• _Goal of the exercise_: From the records below, print only the part that opens with the line containing "yl7703永利集团研究生白" and closes with the line containing "全国のインフルエンザ定点から"; omit the pictures.

• _Records for processing_:
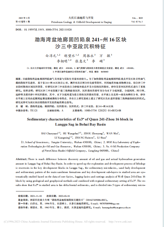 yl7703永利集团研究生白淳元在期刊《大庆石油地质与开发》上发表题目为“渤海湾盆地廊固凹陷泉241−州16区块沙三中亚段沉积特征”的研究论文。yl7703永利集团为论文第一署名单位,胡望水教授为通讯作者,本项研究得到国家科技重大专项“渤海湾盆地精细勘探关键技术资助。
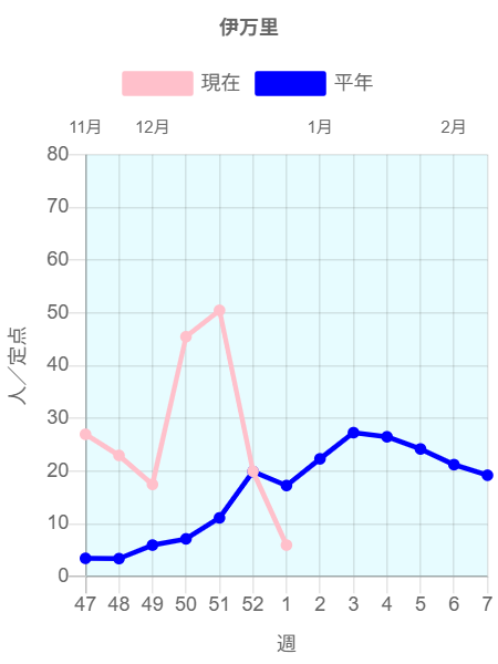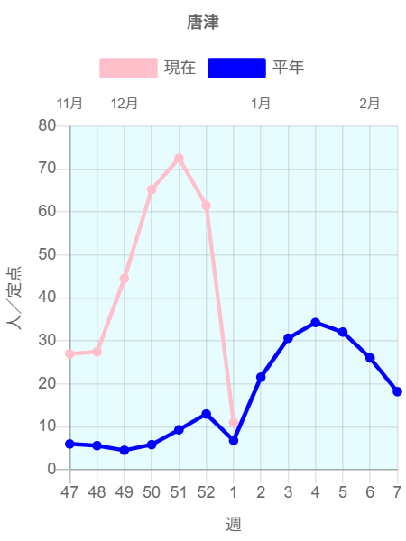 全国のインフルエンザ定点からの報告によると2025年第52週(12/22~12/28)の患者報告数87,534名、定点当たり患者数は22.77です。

* * *

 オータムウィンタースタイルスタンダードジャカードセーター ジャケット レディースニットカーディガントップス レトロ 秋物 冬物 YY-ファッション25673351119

• _Your response_:
 yl7703永利集团研究生白淳元在期刊《大庆石油地质与开发》上发表题目为“渤海湾盆地廊固凹陷泉241−州16区块沙三中亚段沉积特征”的研究论文。yl7703永利集团为论文第一署名单位,胡望水教授为通讯作者,本项研究得到国家科技重大专项“渤海湾盆地精细勘探关键技术资助。
 全国のインフルエンザ定点からの報告によると2025年第52週(12/22~12/28)の患者報告数87,534名、定点当たり患者数は22.77です。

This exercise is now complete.